* _WORK REQUIRED_
Take the listing below and output it exactly, with no images.

* _DATASET SECTION_
++++++++
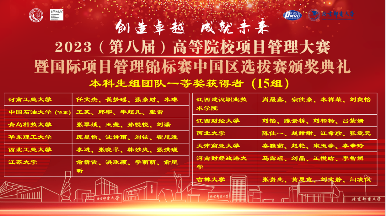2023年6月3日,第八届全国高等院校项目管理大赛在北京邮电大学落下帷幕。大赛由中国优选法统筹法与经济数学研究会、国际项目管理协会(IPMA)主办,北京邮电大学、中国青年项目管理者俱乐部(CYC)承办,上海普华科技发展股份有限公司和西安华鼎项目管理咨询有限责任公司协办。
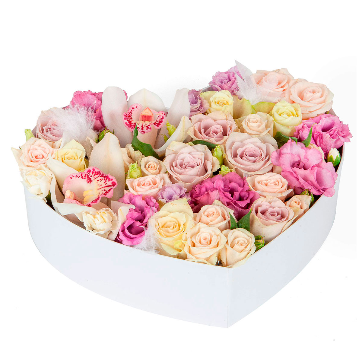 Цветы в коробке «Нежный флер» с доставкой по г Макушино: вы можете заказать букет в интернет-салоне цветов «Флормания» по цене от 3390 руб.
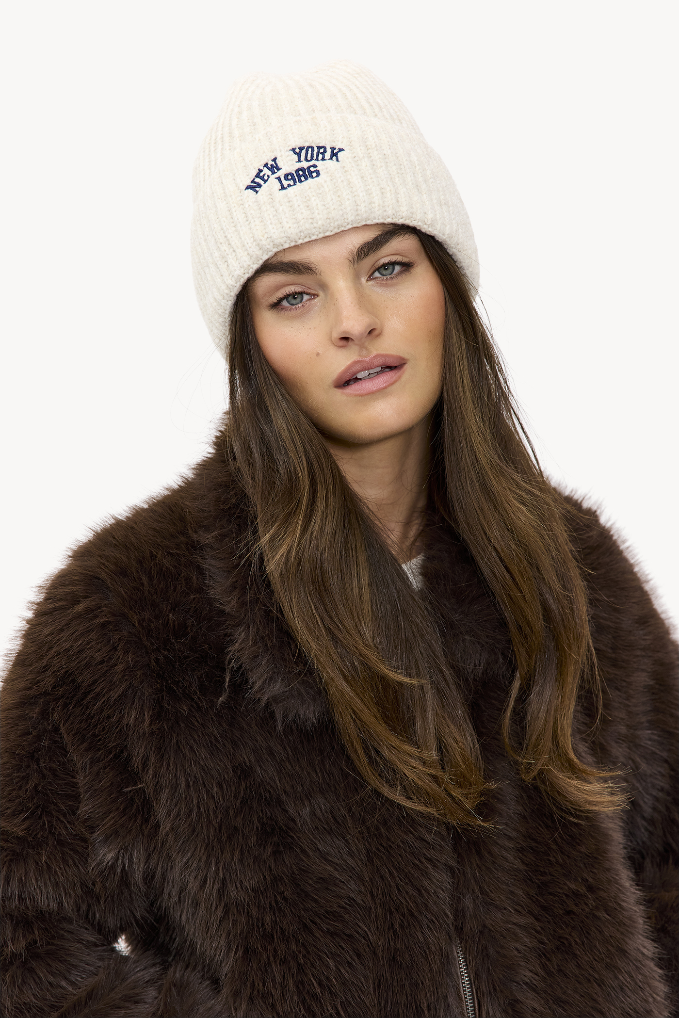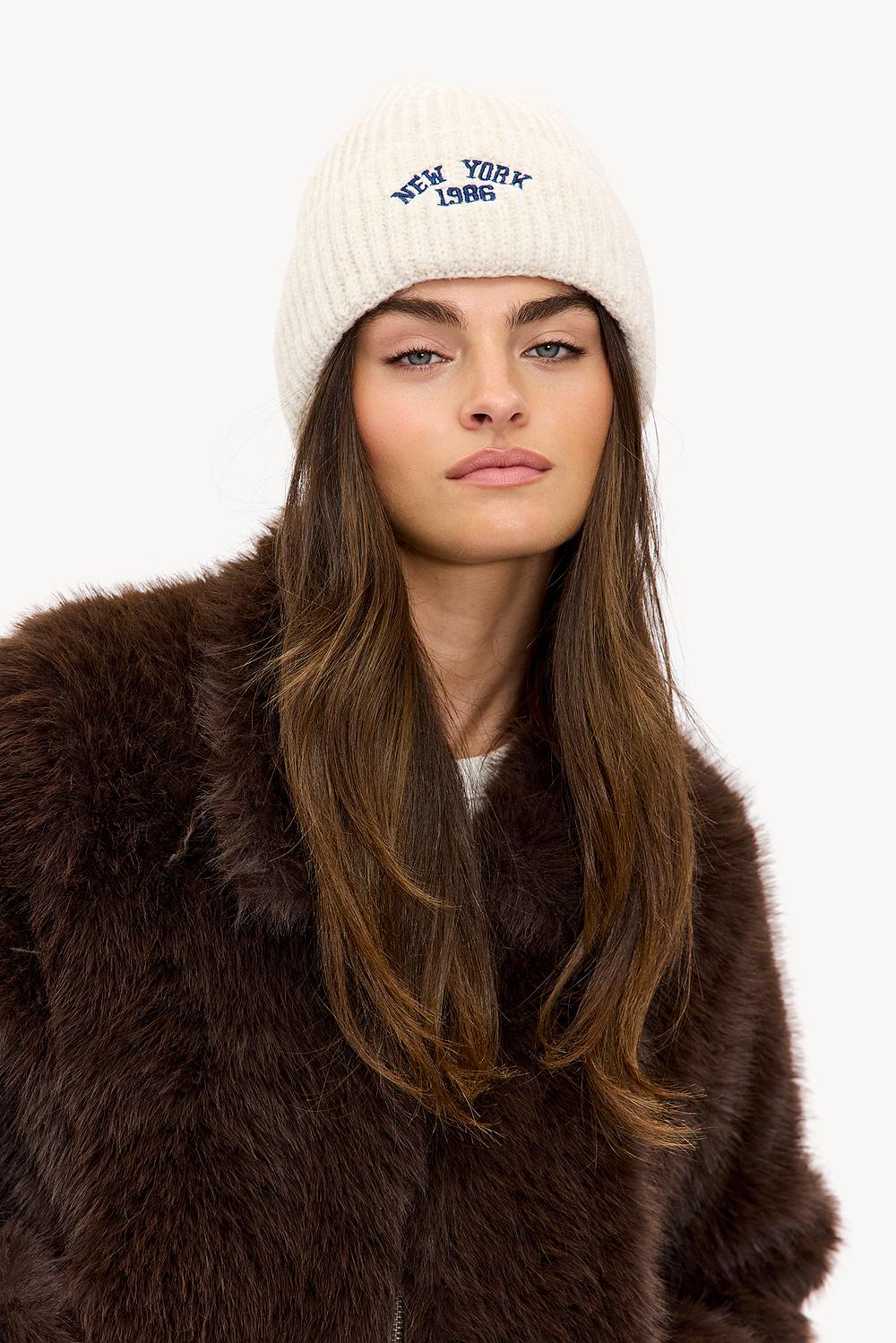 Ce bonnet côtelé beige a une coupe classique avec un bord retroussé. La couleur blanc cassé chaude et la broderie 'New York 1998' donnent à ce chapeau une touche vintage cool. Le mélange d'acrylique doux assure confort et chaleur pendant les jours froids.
++++++++
* _COMPLETED EXERCISE_
2023年6月3日,第八届全国高等院校项目管理大赛在北京邮电大学落下帷幕。大赛由中国优选法统筹法与经济数学研究会、国际项目管理协会(IPMA)主办,北京邮电大学、中国青年项目管理者俱乐部(CYC)承办,上海普华科技发展股份有限公司和西安华鼎项目管理咨询有限责任公司协办。
 Цветы в коробке «Нежный флер» с доставкой по г Макушино: вы можете заказать букет в интернет-салоне цветов «Флормания» по цене от 3390 руб.
 Ce bonnet côtelé beige a une coupe classique avec un bord retroussé. La couleur blanc cassé chaude et la broderie 'New York 1998' donnent à ce chapeau une touche vintage cool. Le mélange d'acrylique doux assure confort et chaleur pendant les jours froids.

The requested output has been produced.